Sir

Your Editorial on how the scientific community should respond to public controversies (“Responding to uncertainty” Nature 437, 1; 2005) suggested that researchers should attack, on a “scientific basis”, misleading reports that appear in sections of the media. I would like to make some further points about the responsibilities of the media.

Certainly the media should be free to report the opinions of maverick researchers, no matter how unrepresentative these may be of the rest of the scientific community. After all, mavericks are occasionally right. But it is not in the public interest for the media to present these views in a way that creates a misleading impression about the amount of support they have among other scientists.

As you point out, journalists often strive to achieve a balance by reporting one view and then presenting a diametrically opposed counter-view.

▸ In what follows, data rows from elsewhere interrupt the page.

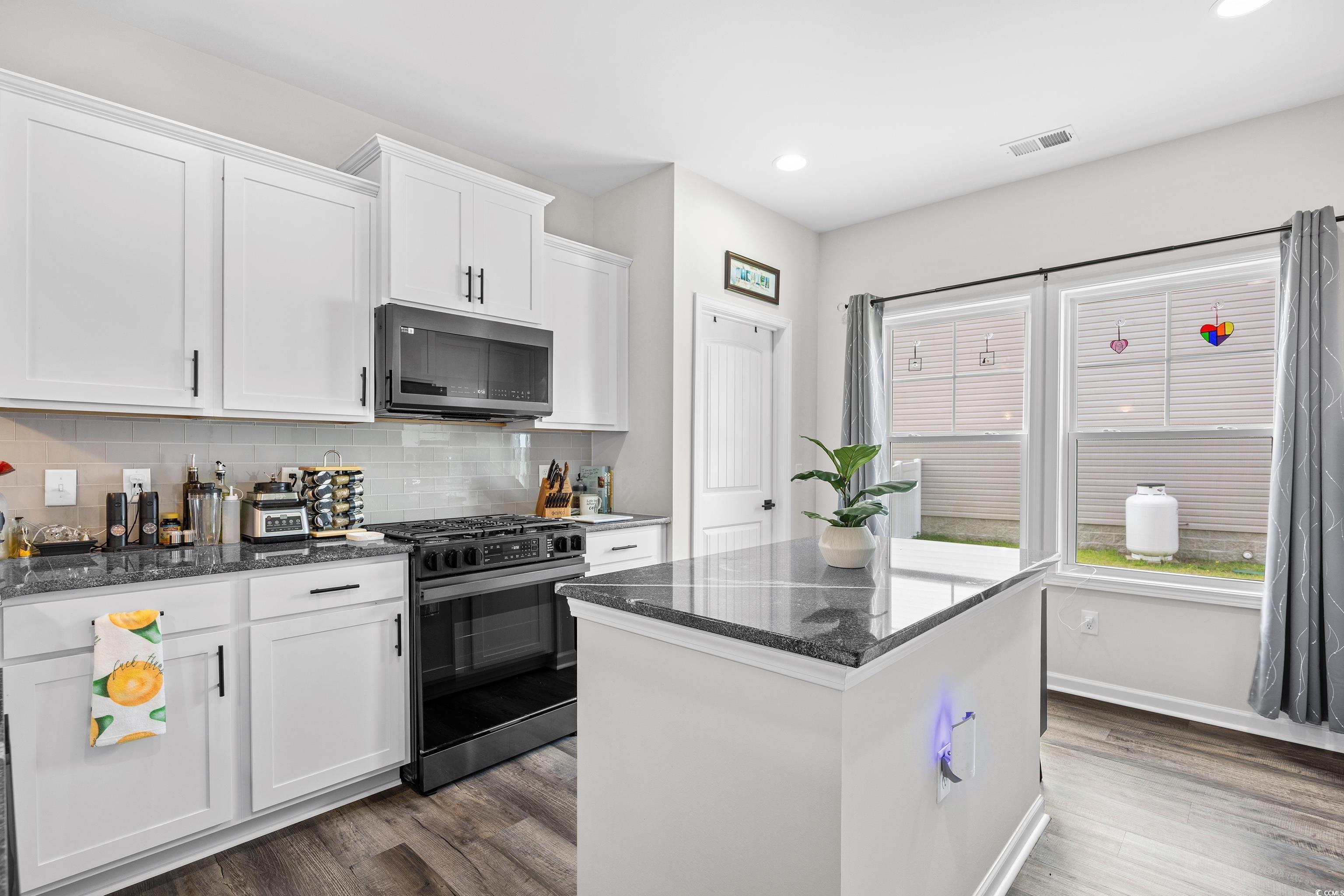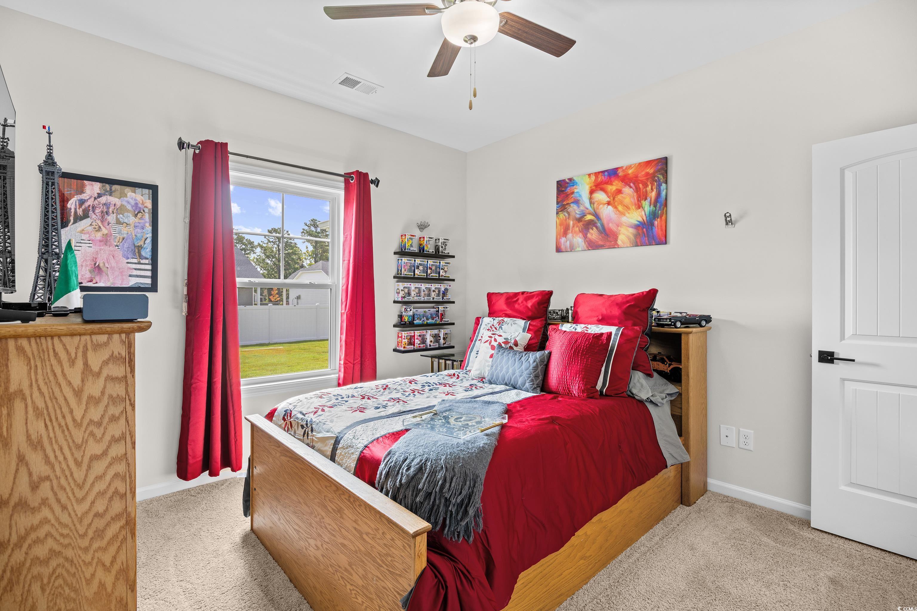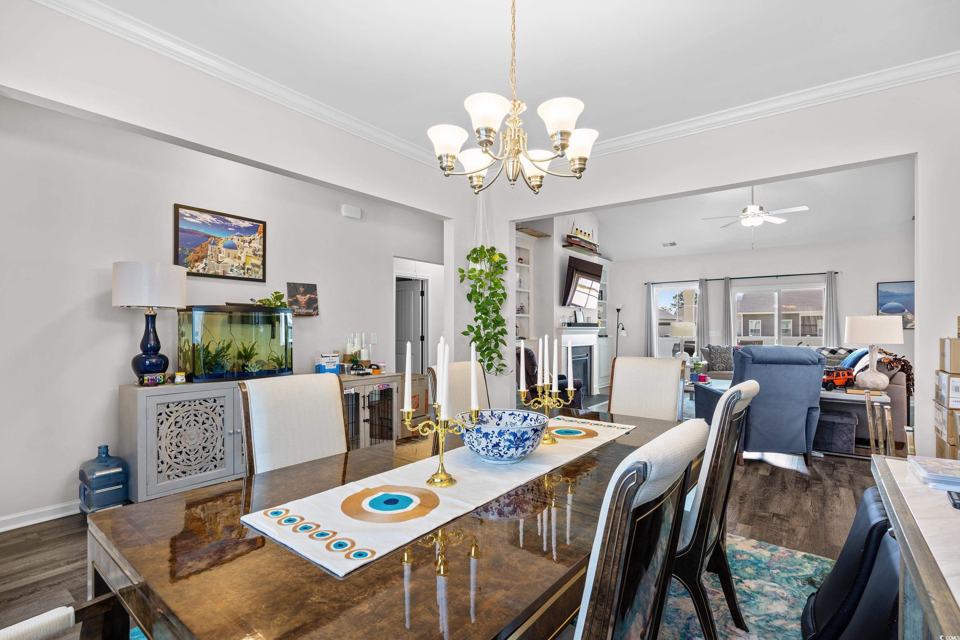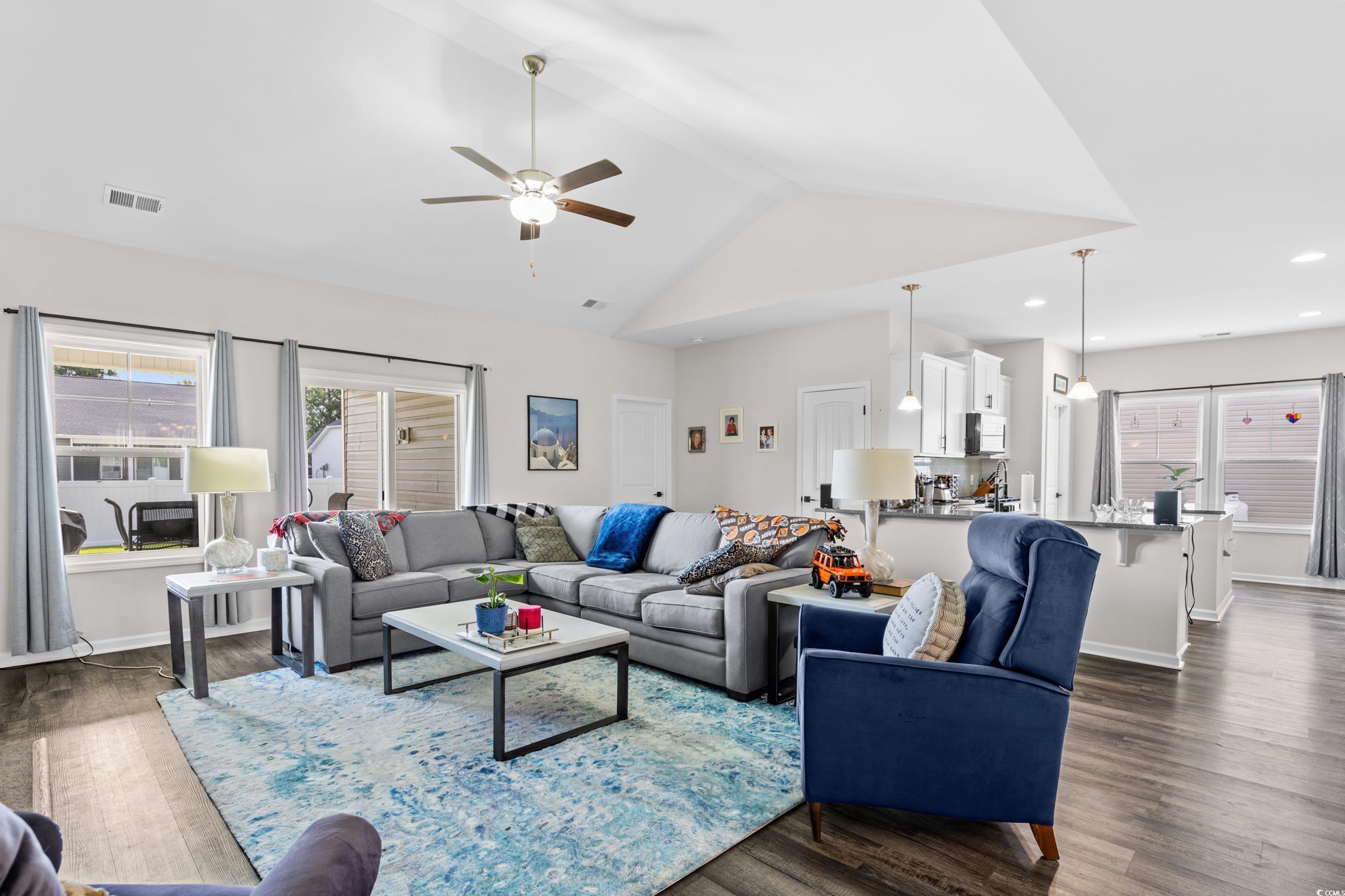 This popular Wisteria E ranch home is beautifully appointed with high quality upgrades! Vaulted ceiliings in the greatroom and Owner's suite make the well designed plan even more open and airy. Upgrades include a propane fireplace in the greatroom with a TV bracket in place above the fireplace-site built cabinets/bookshelves flank the fireplace and in the dining room and are all lighted; black accent upgraded hardware on cabinets, the kitchen is a cook's dream with a gas range; upgraded dishwasher; upgraded microwave; upgraded kitchen faucet and farm sink; tile backsplash, 3 cm granite countertops; large walk in pantry; kitchen island with storage; soft close doors and drawers, Luxury vinyl flooring everywhere except bedrooms; bathrooms have comfort height toliets and upgraded lighting; upgraded shower heads and faucets and a tiled shower with a tiled mudbed in the owner's bath. This home also has a nice covered patio on the back with raised cable and electrical outlets in place for a TV; a remote controlled ceiling fan; fully fenced back yard and irrigation system! Home also has a 220 outlet located in the garage, and gutters on the exterior. Beautifully landscaped yard featuring a raised retaining wall for raised flower bed with irrigation throughout the flowerbeds. This home is built on an elevated slab foundation, offering peace of mind, with no concerns about flooding or water intrusion. The raised design not only enhances durability but also provides a solid feel throughtout the home. Grissett Landing is located just 4 miles outside of downtown Conway located on the beautiful Waccamaw River. The community feautures a floating dock, a fire pit and green area for residents. Grissett is convenient to shopping, dining and approximately 25 to 30 minutes to the beach.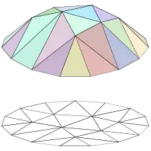 من أجل المسألة P2 نحتاج أن تكون عبارة عن مجموعة من التوابع من . في الشكل الموضح على اليسار، يظهر تثليث مضلعي لمنطقة مضلعية من 15 ضلع في المستوي (في الأسفل)، والتابع الخطى المجزأ (ملوناً، في الأعلى) لهذا المضلع الذي يكون خطياً على كل مثلث من التثليث. حيث أن الفضاء سيحتوي على توابع تكون خطية على كل مثلث من التثليث المختار.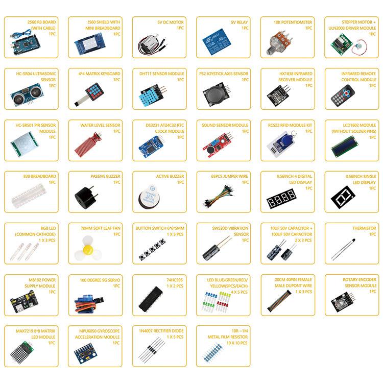 Tamaño del embalaje de un solo producto: 15X10X10 cm Peso bruto de un solo producto: 0.990 kg Embalaje: bolsa antiestática sellada, embalaje de cartónDescripción del Productodescribir:Este kit educativo basado en la plataforma Mega 2560 es para principiantes interesados en comenzar a programar.Este kit de proyecto viene con todo lo que necesitas para empezar en STEM. Atendemos tus servicios OEM/ODM personalizados.

When presented in the same way time after time, this can make the research community seem to be evenly divided, even if there are a thousand on one side and one on the other.

The scientific community should make every effort to ensure that the media and public know where the weight of opinion lies. Robert May

As researchers at Cardiff School of Journalism have shown, much of the public gained the wrong impression about how few scientists believed that the triple vaccine for measles, mumps and rubella (MMR), mentioned in your Editorial, was linked to autism and bowel disorders in children, partly because of campaigns in the media. Even more difficulties are created if there are many differing viewpoints.

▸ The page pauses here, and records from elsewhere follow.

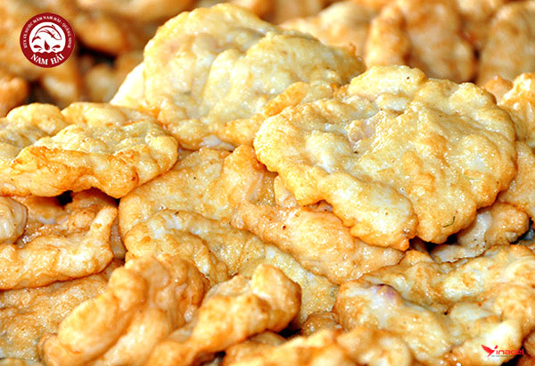 * Chả mực Hạ Long có màu vàng ruộm, vừa béo vừa bùi.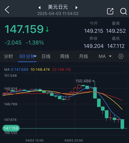 周四亚市盘中,美元/日元暴跌1.4%,报147.16,日内大跌205点。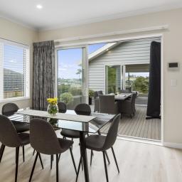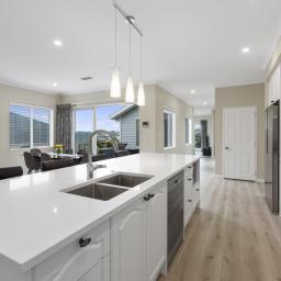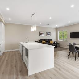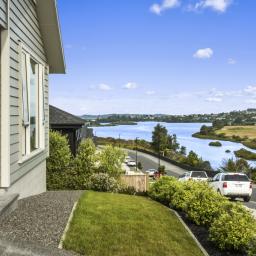 Offering a large separate lounge near entry, great for relaxing and looking out to the estuary, or socialising with friends. Continue walking through the home down a wide passageway, leading to the designer kitchen with an extra large kitchen island. All the details have been thought of here, from the SMEG oven offering 2 cooking compartments to lots of storage space! Here you will also find another living/dining space, wall hung TV included.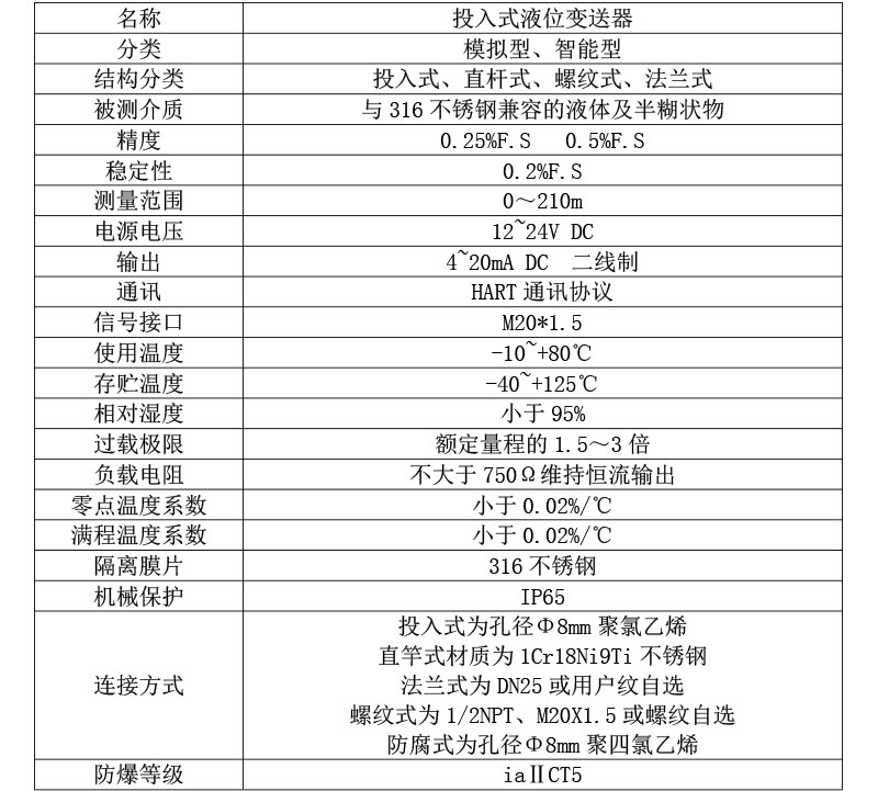 ●投入式、直杆式、法兰式、螺纹式结构设计 ●安装简单、使用方便、互换能力强。高品质传感器的灵敏度高,响应速度快,准确反映流动或静态液面的细微变化,测量准确度 ●备有防阻塞型设计,可实现对糊状介质液位的测量 ●4~20mA DC标准电流信号输出,二线制工作,抗干扰能力强 ●100%等分刻度、LCD、LED三种指示表头,现场读数十分方便 ●精细独特的零点、温漂、非线性补偿,保证仪表使用条件范围内的精度长期稳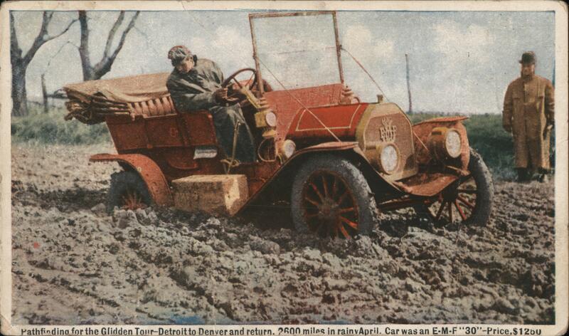 Pathfinding for the Glidden Tour-Detroit to Denver and return. 2600 miles in rainvApril. Car was an E-M-F "30"-Price, $1260

But the real problems arise when parts of the media decide to campaign on an issue. To take some UK examples, such campaigns may be openly declared, as with attempts by The Sunday Times in the 1990s to convince its readers that HIV was not the likely cause of AIDS, and by The Independent on Sunday at present to promote the view that genetically modified (GM) foods pose an inherent danger to human health and to the environment. Or they may be undeclared: The Daily Mail, for example, seems to be running a campaign to deny the existence of a link between greenhouse-gas emissions and climate change.

In any country, such campaigns can mislead the public about where the weight of scientific opinion lies.

The scientific community should undoubtedly make every effort to ensure that the public and media know where the weight of scientific opinion lies on issues such as the MMR vaccine, GM foods, HIV and climate change. But surely the media also have a responsibility to find out and convey that information as well?